What this task involves> Print word for word the first line of the listing below and every line after it, through the line with "Акумулятори Uruchom® Kamper". Leave out the pictures and the rest.

──────── Records provided ────────

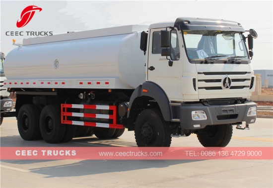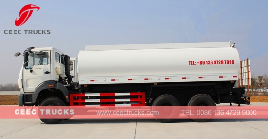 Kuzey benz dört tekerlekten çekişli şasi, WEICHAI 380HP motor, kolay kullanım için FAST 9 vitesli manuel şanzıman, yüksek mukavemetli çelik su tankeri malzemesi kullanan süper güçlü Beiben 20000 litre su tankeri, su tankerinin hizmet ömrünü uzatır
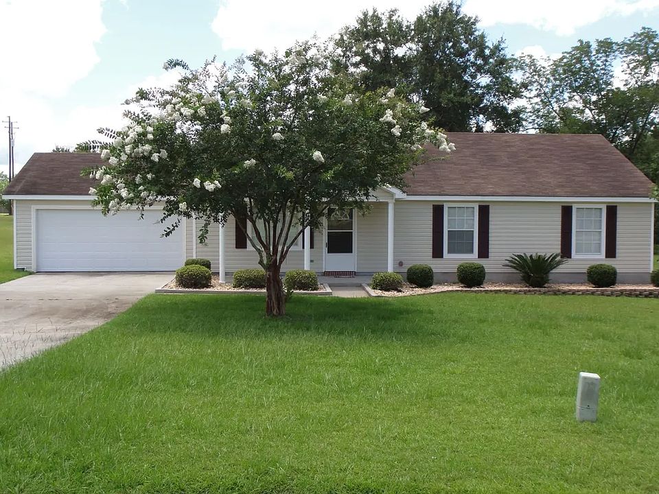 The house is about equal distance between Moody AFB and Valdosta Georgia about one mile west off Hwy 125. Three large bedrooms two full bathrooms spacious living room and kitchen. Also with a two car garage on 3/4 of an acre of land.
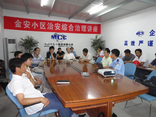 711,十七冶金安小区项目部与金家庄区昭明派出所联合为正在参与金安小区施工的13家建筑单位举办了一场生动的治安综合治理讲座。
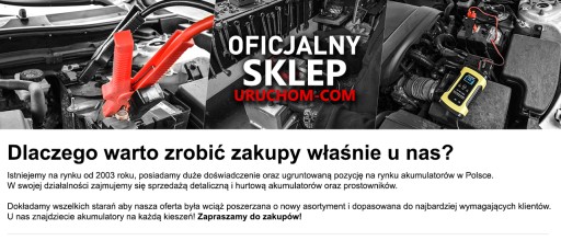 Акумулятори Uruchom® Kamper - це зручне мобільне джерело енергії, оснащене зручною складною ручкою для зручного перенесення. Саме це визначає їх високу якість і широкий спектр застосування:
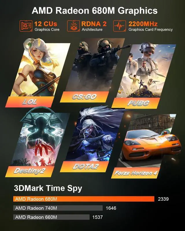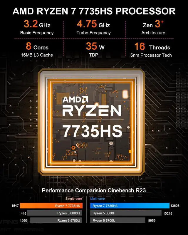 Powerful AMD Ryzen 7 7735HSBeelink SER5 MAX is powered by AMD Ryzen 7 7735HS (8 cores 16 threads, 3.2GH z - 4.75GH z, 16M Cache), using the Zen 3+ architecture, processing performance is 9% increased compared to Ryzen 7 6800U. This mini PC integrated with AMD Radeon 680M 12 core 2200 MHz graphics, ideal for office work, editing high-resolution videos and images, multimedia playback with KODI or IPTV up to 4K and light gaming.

────────

Task output>
 Kuzey benz dört tekerlekten çekişli şasi, WEICHAI 380HP motor, kolay kullanım için FAST 9 vitesli manuel şanzıman, yüksek mukavemetli çelik su tankeri malzemesi kullanan süper güçlü Beiben 20000 litre su tankeri, su tankerinin hizmet ömrünü uzatır
 The house is about equal distance between Moody AFB and Valdosta Georgia about one mile west off Hwy 125. Three large bedrooms two full bathrooms spacious living room and kitchen. Also with a two car garage on 3/4 of an acre of land.
 711,十七冶金安小区项目部与金家庄区昭明派出所联合为正在参与金安小区施工的13家建筑单位举办了一场生动的治安综合治理讲座。
 Акумулятори Uruchom® Kamper - це зручне мобільне джерело енергії, оснащене зручною складною ручкою для зручного перенесення. Саме це визначає їх високу якість і широкий спектр застосування:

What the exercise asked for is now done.